Segment Start: Source data

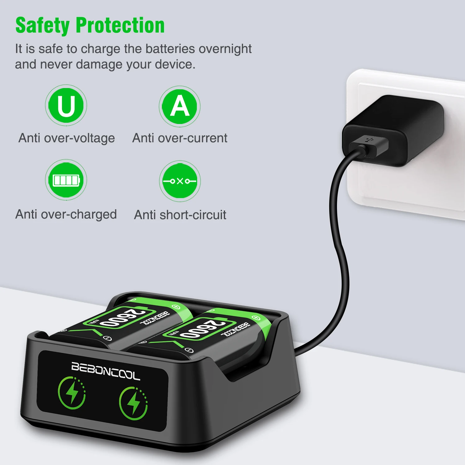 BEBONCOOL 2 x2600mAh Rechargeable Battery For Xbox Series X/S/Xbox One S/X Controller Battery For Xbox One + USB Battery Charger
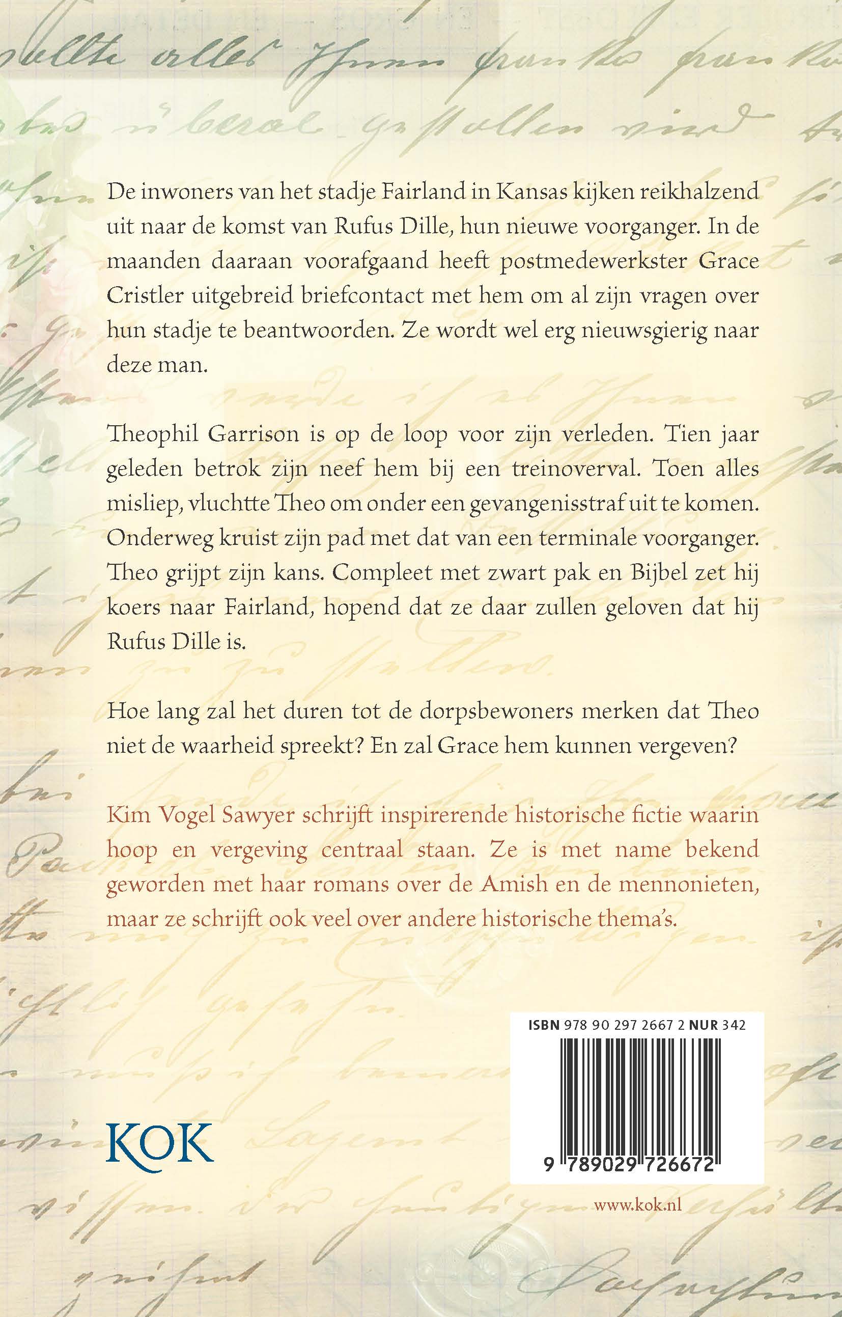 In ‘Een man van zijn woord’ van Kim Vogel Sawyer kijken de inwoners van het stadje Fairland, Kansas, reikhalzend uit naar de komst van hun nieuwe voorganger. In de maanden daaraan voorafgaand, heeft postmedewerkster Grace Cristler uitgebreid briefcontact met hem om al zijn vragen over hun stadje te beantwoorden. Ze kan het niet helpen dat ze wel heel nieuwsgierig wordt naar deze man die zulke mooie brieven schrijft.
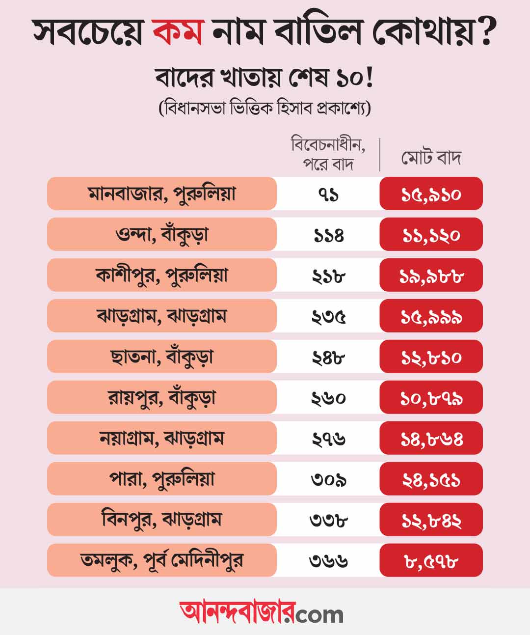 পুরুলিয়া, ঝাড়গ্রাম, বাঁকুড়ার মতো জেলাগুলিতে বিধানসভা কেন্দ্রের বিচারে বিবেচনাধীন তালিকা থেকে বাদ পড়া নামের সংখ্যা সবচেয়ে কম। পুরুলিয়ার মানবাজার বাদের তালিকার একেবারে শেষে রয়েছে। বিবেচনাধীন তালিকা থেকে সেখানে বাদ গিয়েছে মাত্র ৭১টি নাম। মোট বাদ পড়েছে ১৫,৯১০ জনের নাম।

Segment End: Source data

• _What to do_
Give again, word for word, the lines above from the first one through the one containing "In ‘Een man"; no pictures.

• _Result of this exercise_
 BEBONCOOL 2 x2600mAh Rechargeable Battery For Xbox Series X/S/Xbox One S/X Controller Battery For Xbox One + USB Battery Charger
 In ‘Een man van zijn woord’ van Kim Vogel Sawyer kijken de inwoners van het stadje Fairland, Kansas, reikhalzend uit naar de komst van hun nieuwe voorganger. In de maanden daaraan voorafgaand, heeft postmedewerkster Grace Cristler uitgebreid briefcontact met hem om al zijn vragen over hun stadje te beantwoorden. Ze kan het niet helpen dat ze wel heel nieuwsgierig wordt naar deze man die zulke mooie brieven schrijft.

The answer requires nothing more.